WORK INSTRUCTION
From the listing below, copy only the lines running from the line that contains "チェック柄サスペンダードレス女性の秋冬 2023 新しいレトロ起毛ウエスト痩身ミッドレングスデザインスカート" to the line that contains "Bu özel tasarım", both included.

RECORD SET
== Segment start ==

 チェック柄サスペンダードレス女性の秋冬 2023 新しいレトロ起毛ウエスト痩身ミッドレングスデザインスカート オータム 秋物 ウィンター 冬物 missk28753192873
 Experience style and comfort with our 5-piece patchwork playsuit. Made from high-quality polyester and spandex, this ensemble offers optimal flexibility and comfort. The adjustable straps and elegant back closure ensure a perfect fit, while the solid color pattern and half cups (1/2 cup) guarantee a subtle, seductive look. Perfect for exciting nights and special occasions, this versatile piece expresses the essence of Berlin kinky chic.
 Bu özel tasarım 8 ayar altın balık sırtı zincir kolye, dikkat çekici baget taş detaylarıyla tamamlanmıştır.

== Segment end ==
== Segment start ==

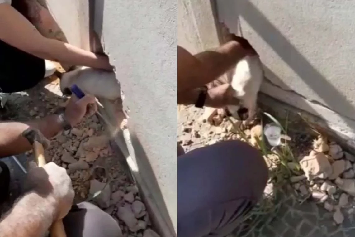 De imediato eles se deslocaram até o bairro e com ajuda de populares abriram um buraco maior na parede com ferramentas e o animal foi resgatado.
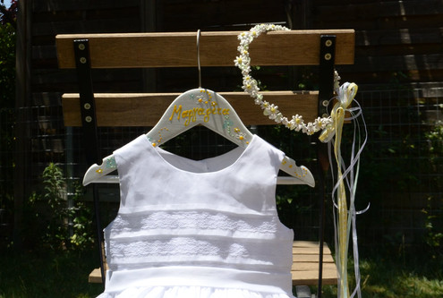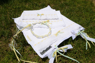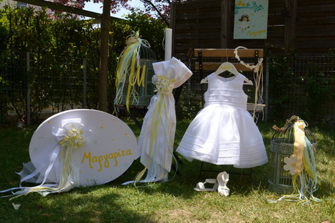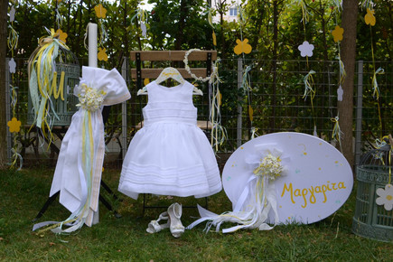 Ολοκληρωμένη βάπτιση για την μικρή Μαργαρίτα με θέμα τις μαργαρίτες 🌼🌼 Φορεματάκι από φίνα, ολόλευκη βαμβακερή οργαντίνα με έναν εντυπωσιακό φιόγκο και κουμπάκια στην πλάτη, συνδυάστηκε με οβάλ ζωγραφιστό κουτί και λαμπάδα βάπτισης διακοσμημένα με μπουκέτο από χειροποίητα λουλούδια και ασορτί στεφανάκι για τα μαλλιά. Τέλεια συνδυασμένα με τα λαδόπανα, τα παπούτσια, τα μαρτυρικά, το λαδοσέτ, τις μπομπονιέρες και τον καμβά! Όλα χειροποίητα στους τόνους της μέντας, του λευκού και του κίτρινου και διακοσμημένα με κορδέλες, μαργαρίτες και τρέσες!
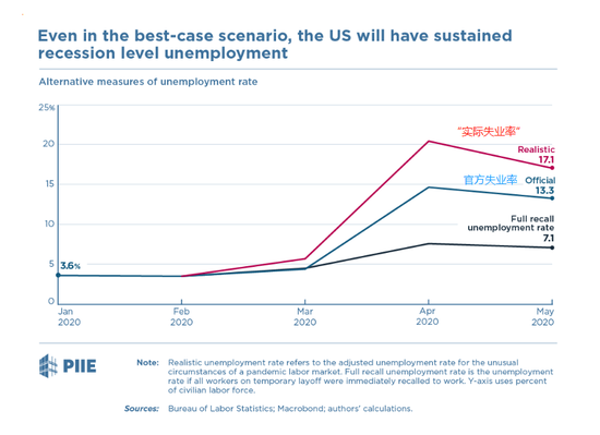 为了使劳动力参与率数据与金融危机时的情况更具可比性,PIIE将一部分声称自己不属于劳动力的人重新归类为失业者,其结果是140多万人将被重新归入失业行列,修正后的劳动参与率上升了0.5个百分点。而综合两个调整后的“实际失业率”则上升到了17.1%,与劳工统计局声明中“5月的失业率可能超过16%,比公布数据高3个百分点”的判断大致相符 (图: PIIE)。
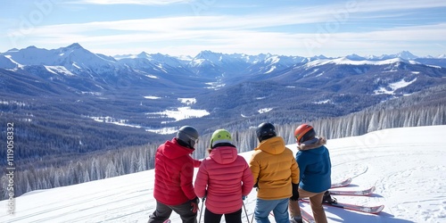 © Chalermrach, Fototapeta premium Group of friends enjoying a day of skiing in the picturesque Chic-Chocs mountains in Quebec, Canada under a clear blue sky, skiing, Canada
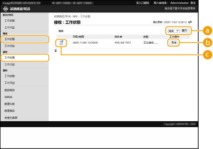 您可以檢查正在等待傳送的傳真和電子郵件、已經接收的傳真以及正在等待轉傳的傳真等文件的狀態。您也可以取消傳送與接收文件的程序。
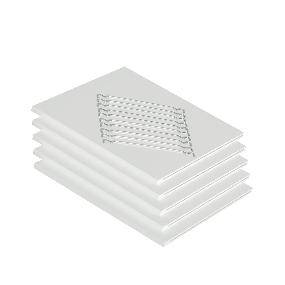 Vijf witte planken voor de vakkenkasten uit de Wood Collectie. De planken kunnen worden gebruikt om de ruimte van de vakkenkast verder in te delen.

== Segment end ==
== Segment start ==

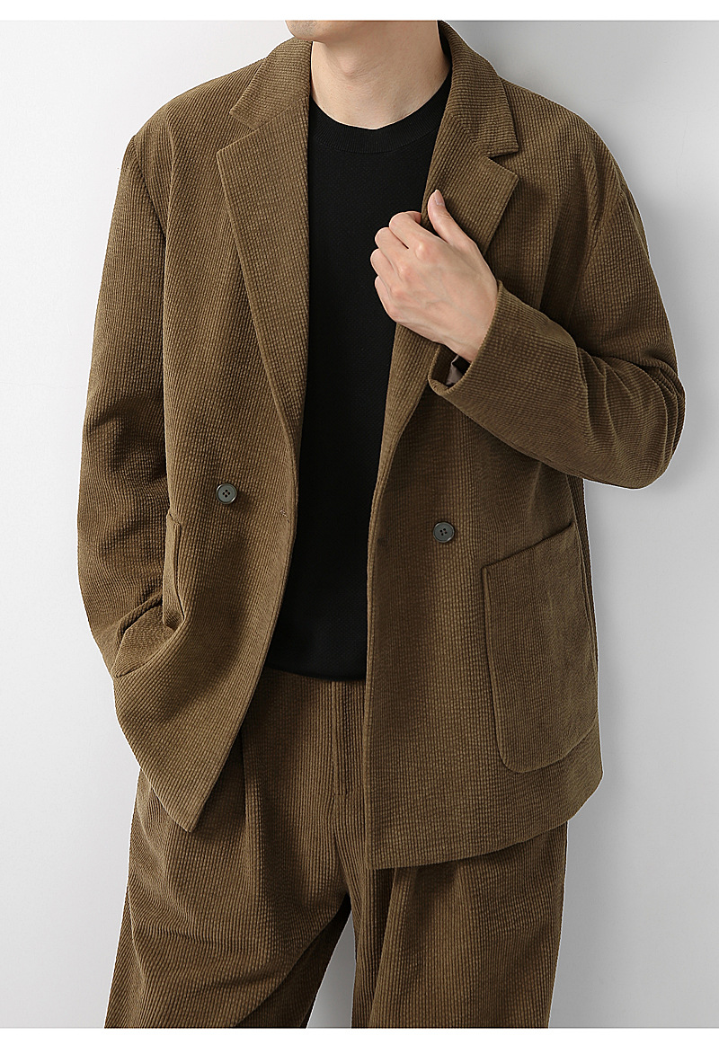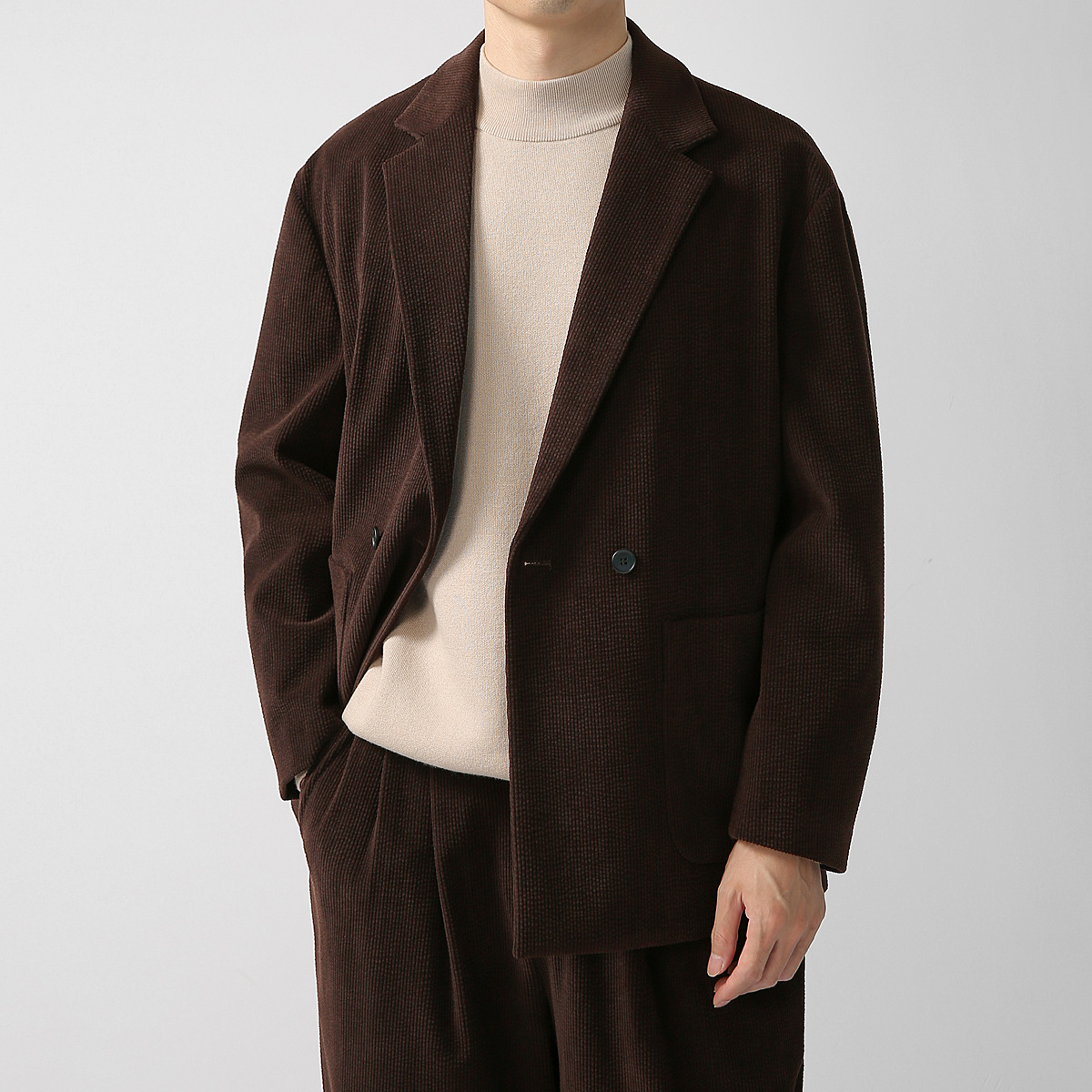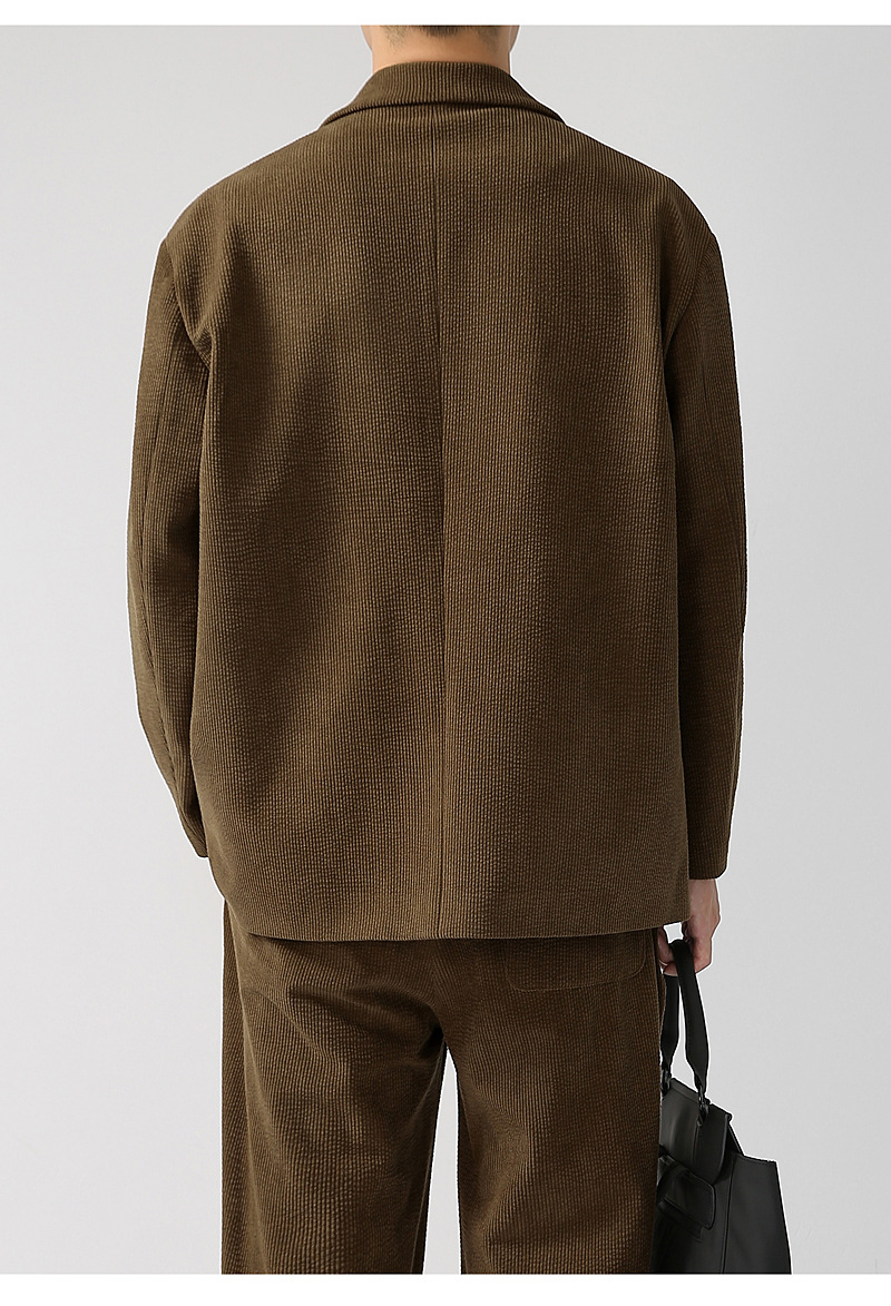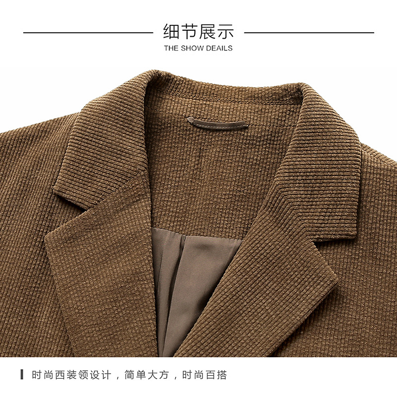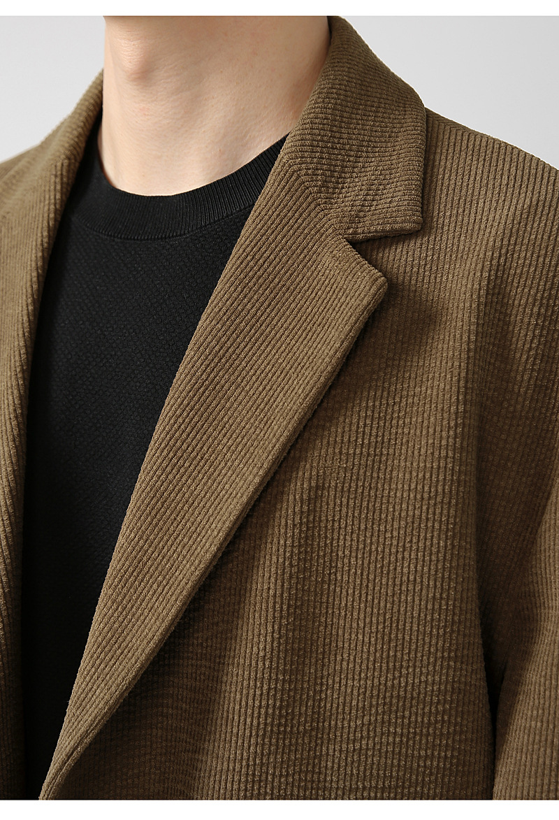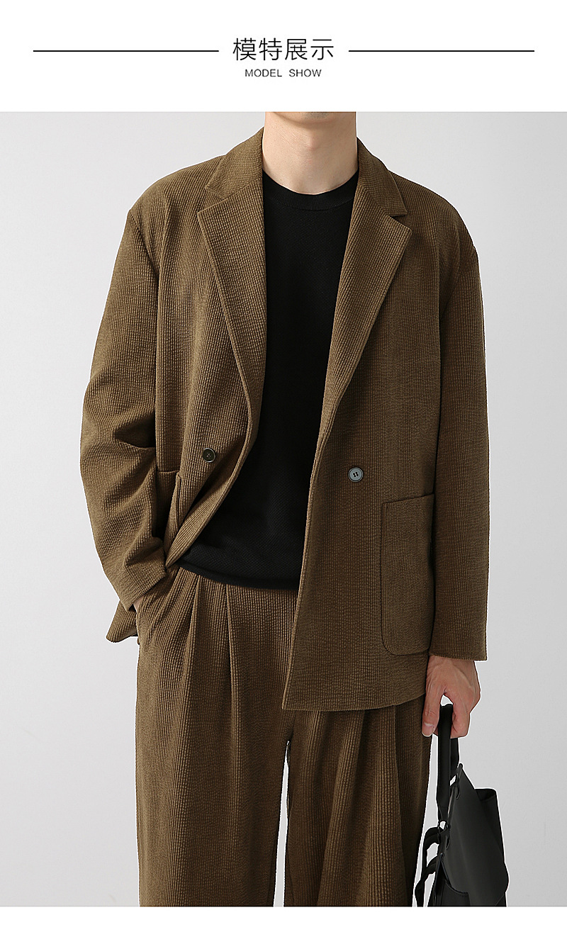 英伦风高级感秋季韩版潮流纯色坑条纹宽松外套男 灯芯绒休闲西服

== Segment end ==

SOLUTION FOR THIS EXERCISE
 チェック柄サスペンダードレス女性の秋冬 2023 新しいレトロ起毛ウエスト痩身ミッドレングスデザインスカート オータム 秋物 ウィンター 冬物 missk28753192873
 Experience style and comfort with our 5-piece patchwork playsuit. Made from high-quality polyester and spandex, this ensemble offers optimal flexibility and comfort. The adjustable straps and elegant back closure ensure a perfect fit, while the solid color pattern and half cups (1/2 cup) guarantee a subtle, seductive look. Perfect for exciting nights and special occasions, this versatile piece expresses the essence of Berlin kinky chic.
 Bu özel tasarım 8 ayar altın balık sırtı zincir kolye, dikkat çekici baget taş detaylarıyla tamamlanmıştır.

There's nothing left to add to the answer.